> **Brief**
In the data below, set down exactly the lines from the one containing "في هذه اللحظة،" up to and including the one containing "4. 進入 Bing 的帳戶設定:點此進入 Bing". Leave the pictures out.

> **Input data**
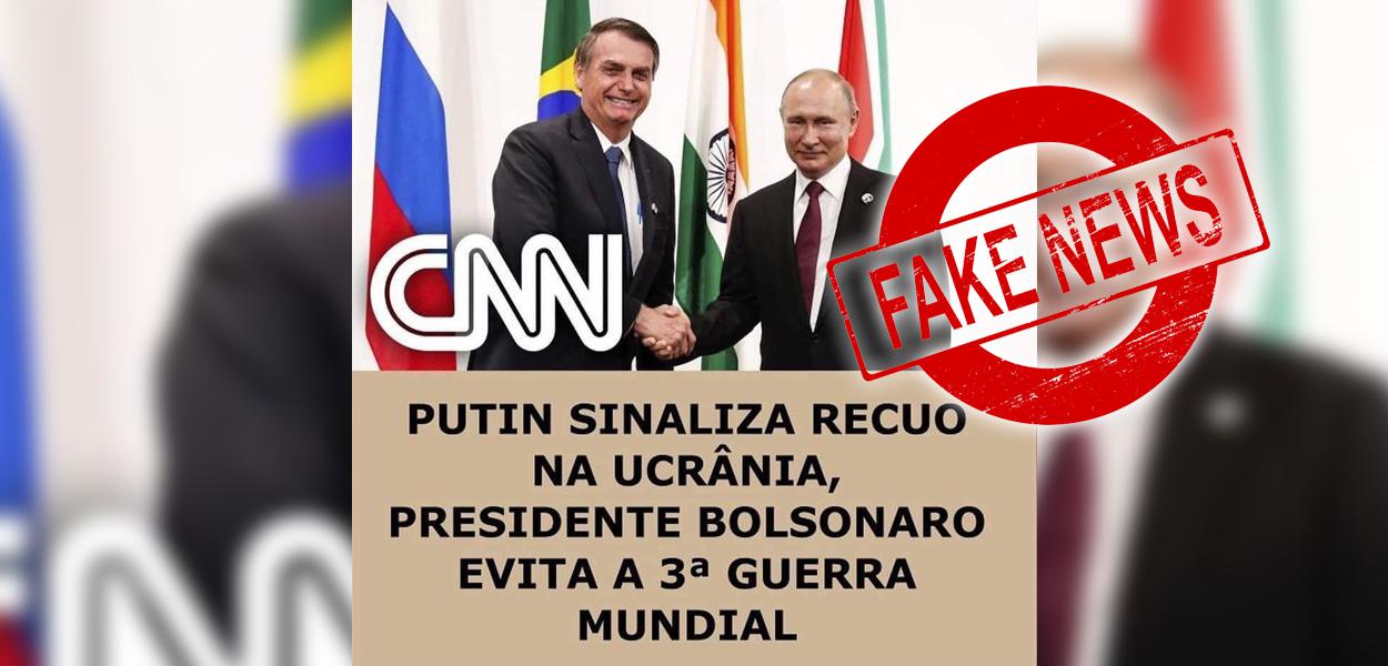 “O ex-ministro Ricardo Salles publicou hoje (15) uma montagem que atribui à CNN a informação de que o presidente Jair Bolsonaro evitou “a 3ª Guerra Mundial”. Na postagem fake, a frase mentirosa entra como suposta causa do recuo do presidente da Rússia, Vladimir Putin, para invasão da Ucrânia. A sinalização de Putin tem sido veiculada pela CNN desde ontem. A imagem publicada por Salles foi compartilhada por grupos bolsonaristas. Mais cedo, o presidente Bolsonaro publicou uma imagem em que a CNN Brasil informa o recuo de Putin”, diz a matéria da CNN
...
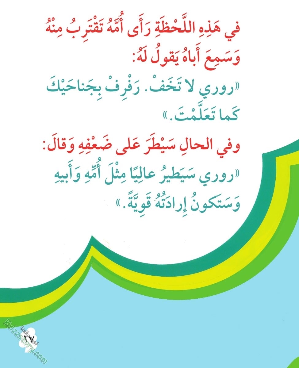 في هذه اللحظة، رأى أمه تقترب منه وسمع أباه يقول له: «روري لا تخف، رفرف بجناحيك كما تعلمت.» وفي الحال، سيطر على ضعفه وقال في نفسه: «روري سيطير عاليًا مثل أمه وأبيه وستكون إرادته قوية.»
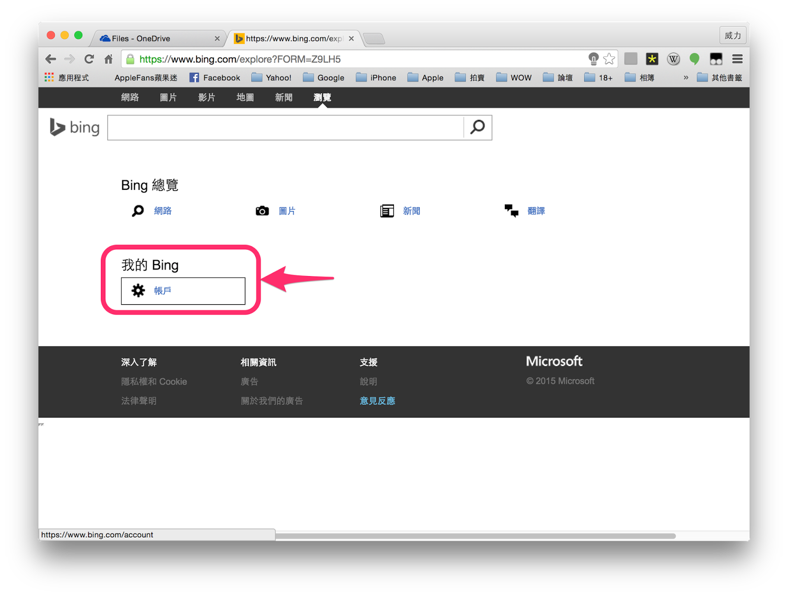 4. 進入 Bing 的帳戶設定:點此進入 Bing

> **Exercise solution**
 في هذه اللحظة، رأى أمه تقترب منه وسمع أباه يقول له: «روري لا تخف، رفرف بجناحيك كما تعلمت.» وفي الحال، سيطر على ضعفه وقال في نفسه: «روري سيطير عاليًا مثل أمه وأبيه وستكون إرادته قوية.»
 4. 進入 Bing 的帳戶設定:點此進入 Bing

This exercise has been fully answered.